# Can Racing pigeons b trained ot tossed at night?



## shibu (Sep 11, 2011)

I heard about pigeons coming from long distance races at night? If that is possible y can v give them training at nights if they r capable?


----------



## spirit wings (Mar 29, 2008)

I guess it depends on your location and if you live near a city with allot of lights.. pigeons can not see well in the dark, but they can still home.. other species fly at night like geese and some ducks..but perhaps their eyes can see things better.


----------



## Gnuretiree (May 29, 2009)

No, do not do it.


----------



## steveeman (Mar 18, 2011)

pigeons can't see at night, DON'T DO IT MAN


----------



## sky tx (Mar 1, 2005)

Shibu--you need to talk with whoever told you that pigeons can fly in the dark.
They may KNOW something we don't KNOW.
Most pigeons will sit Down at night. Unless they are over the ocean.


----------



## Print Tippler (May 18, 2011)

well i think i heard of homers trained to fly in the dark. Most tipplers are trained to fly in the dark. 22 hour of flight cant happen all in the day. But flying over the loft and homing is two different things. but its a very well practice thing in tipplers.


----------



## Quazar (Jul 27, 2010)

Contrary to what some have said, pigeons CAN actually see at night, but not nearly as well as in daylight. They can see Ultra Violet light, which is radiant from the sun & moon although much stronger from the sun hence the reason its obviously easier and safer for them during the day.
Most pigeons will only fly at night till they find what they consider a safe place to roost, so its doubtfull if any night training would see them return directly, and for their safety I wouldnt recomend it


----------



## ptras (Jun 29, 2010)

steveeman said:


> pigeons can't see at night, DON'T DO IT MAN


I had three pigeons that didn't trap with the rest of my birds last weekend after I loft-flew them. They sat on the loft roof until well after dark. Around 10:00pm, I went down to the loft to grab them and put them inside. The first one I grabbed and pushed through the trap. I went back for the next one, and fell off the inverted five-gallon pail I was standing on. The sound spooked the birds, and they both flew off into the night. One of them tried to land in a tree, but I kept hearing it rustling through the leaves and branches as it fell lower and lower. Finally, it gave up and flew towards the roof of my house. However, it missed, and smacked into the wall about a foot below the edge of the roof. It fell to the ground, but fortunately landed in some Hostas that are planted at the foundation. It didn't seem any worse for the wear, so I grabbed him, brought him to the loft and pushed him through the trap. The second pigeon flew in a bunch of wide circles around my backyard, and finally disappeared over the woods down back. The next morning, he was standing on the landing cage. Those two birds came from two different breeders. Maybe some strains can see/navigate better in the dark than others can.


----------



## pidgey boy (Dec 23, 2010)

i would not risk it they can not see at night making them vulnerable to things like cats or other animals that like to hunt birds i wouldn't do it but its up to you


----------



## Backwoods Loft (Aug 11, 2011)

Hahaha Im glad you posted this because I took my birds on a toss this afternoon and they landed on the loft and every time I try to make them go in the loft they get up and fly like crazy and I have no light out near the loft!! But back to your question it couldnt hurt just try it with a small number of birds that way if they dont come back you wont loose any thing I have sent some on a race before and be laying in the bed and the alarm goes off because birds are coming in at 11 o'clock at night


----------



## Print Tippler (May 18, 2011)

heres info on night flying, this is just loft flying at night, and for tipplers, and not homing obviously....

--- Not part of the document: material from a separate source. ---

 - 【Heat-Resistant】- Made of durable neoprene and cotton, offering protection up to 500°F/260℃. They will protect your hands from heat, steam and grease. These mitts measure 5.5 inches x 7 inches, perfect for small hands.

http://www.tipplers.ca/articles/CNTU_article_dark_flying.html

Also the 2nd article here
http://www.tipplers.ca/articles/CNTU_article_battle_tipplers.html

He says 


> My tipplers in the summer time only fly at night from 9pm to 3am.No daytime flying ever. That is a fact and they are just regular tipplers. I use 2 giant lamps and bright yellow tape on top of my coop shaped like an X. I fly 9 tipplers from 9pm - 11pm. I don't use droppers. I shut off one lamp and they come diving down fast. From 11pm, I turn out 50 more tipplers and they look real good kitting in the dark.


----------



## boneyrajan.k (Jul 15, 2010)

From what i know,tipplers do loft fly at night......its a very usual thing happening in this part of the world...
With homers,i have no idea


----------



## shibu (Sep 11, 2011)

Thanx for sharing ur thoughts.....friends. I heard most long distance races got winned at nyte time only. It wil be better to try with little trained pigeons i guess.... lets try and find out the results.... i think they will reach the loft but trapping will b the main problem


----------



## Goodger (Sep 21, 2011)

It can be done but it has to be done gradually, eg late afternoon and getting slightly later each time. It's done a fair bit in Queensland, Australia, one guy up there is well know for it and trains his birds in the middle of the night, as he is a shift worker and its the only time he can do it.

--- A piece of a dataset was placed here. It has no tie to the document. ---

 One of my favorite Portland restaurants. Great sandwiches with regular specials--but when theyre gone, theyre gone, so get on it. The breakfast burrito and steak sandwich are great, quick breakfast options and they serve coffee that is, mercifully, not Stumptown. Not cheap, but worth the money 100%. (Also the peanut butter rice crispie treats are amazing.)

Also years ago there was a truck tipped over in the middle of the night transporting pigeons to a race, the driver and liberator rushed out in the dark and released the birds from the wreck, these birds apparently homed in the dark in the same time it would have taken in daylight


----------



## shibu (Sep 11, 2011)

Thanx Matriarch, ur links r very useful for me


----------



## shibu (Sep 11, 2011)

Goodger..... what do u think? R they capable to fly at nyte?


----------



## Print Tippler (May 18, 2011)

I think it could be done, I'm not a homer person so take what I say with the grain of salt. I would train the birds out 30 miles or so then start loft flying. Read up and do google searches for night flying tipplers. Tipplers trap in at night just fine. Once you got them loft flying at night start tossing slowly leaving the loft go farther and farther. I do know how open your environment is, trees may not be good. If you slowly toss them away from the loft they should be fine. If they don't home, and have already been trained up then they should come home first thing in the morning. You want a good flood light outside your loft. Blinking LEDs or refelting strips. You want your birds to quickly know where your loft is while flying. Homers go off magnetic pull along with other things, if you have neighbors they should start being able to map places out based on other people's outside light, theoretically.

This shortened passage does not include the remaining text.